Comment by constantcrying
5 hours ago
It is a totally delusional argument. Companies always could reward their shareholders, stock buybacks aren't fundamentally different from paying dividends to shareholders. The idea that stock buybacks are what caused a decrease in company funded basic science is ridiculous.
Only in very rare cases is doing basic science anything but a total waste of money, viewed from a commercial perspective. Companies should seek to be commercial entities, which operate for profit. Anything else is just self destruction.
Look at Bell Labs, it could only exist because some company decided it could use a money shredder. Bell Labs could not survive the dismantling of the Bell telephone monopoly, because ending that monopoly ended the prerequisite that was needed to allow it to exist.

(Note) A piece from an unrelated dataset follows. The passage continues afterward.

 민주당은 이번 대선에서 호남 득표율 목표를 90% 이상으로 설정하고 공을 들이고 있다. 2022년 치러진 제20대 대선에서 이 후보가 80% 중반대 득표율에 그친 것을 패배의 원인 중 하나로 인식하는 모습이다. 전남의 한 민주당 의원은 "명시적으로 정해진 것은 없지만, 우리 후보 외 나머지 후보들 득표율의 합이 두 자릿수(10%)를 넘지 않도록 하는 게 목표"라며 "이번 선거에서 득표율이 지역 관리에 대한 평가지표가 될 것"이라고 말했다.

Yes yes, companies used to compensate management with 'dividend options' so switching to stock options totally didn't pervert management's incentives.
And management doesn't manipulate the stock using stock buybacks. Why would they? Their performance and compensation are only completely tied to stock price. But no, stock buybacks don't allow perverse incentives that lead to short term thinking different than dividends. Totally the same.

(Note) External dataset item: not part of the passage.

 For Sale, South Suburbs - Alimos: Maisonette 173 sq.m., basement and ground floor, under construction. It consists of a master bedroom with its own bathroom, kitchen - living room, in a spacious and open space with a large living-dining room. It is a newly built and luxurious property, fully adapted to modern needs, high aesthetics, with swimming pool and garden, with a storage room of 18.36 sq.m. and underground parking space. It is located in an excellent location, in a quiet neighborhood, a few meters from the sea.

If you write something which is more than pure sarcasm it might become readable and form into a coherent argument.
Do you genuinely believe that the breakup of the Bell monopoly had a smaller effect on Bell Labs than stock buybacks?
Stock buybacks also are not stock manipulation and managers aren't rewarded because they buy back stocks. The board understand what a stock buyback is, they reward managers for being able to buy back stocks, in other words, they reward them for profits, which are then paid in buybacks or dividends. Stock buy backs are a tool corporations use to reward shareholders, they have no fundamental difference to dividends.

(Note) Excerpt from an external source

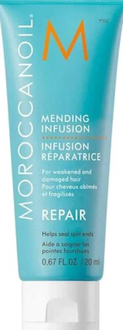 Moroccanoil Mending Infusion ist ein ultraleichter, sofort absorbierender Finisher, der hilft, trockene, spröde Spitzen zu nähren und zu stärken. Die mit Arganöl angereicherte Formel versiegelt und pflegt die Spitzen und sorgt für eine glatte, frisch geschnittene Optik, ohne Spliss. Dieses Leave-In-Produkt reduziert sichtbare Zeichen von Haarschädigung, wie z.B. ausgefranste und trockene Spitzen. Es entsteht eine angenehm seidige Textur und gesund aussehendes Haar.

Dividends have the exact same short term incentives. Do you think that a manager can not be rewarded for his paying out dividends, which leads him to cut R&D spending to increase short term profits? It is just delusional to think that there is a difference and certainly in the scientific literature about corporate finance it would be a fringe belief to separate those two as you do.
To be honest it is a bit upsetting to read a comment with so little understanding of the subject and so little imagination. Do you truly believe that managers can not have short term dividend goals? How uninformed are you.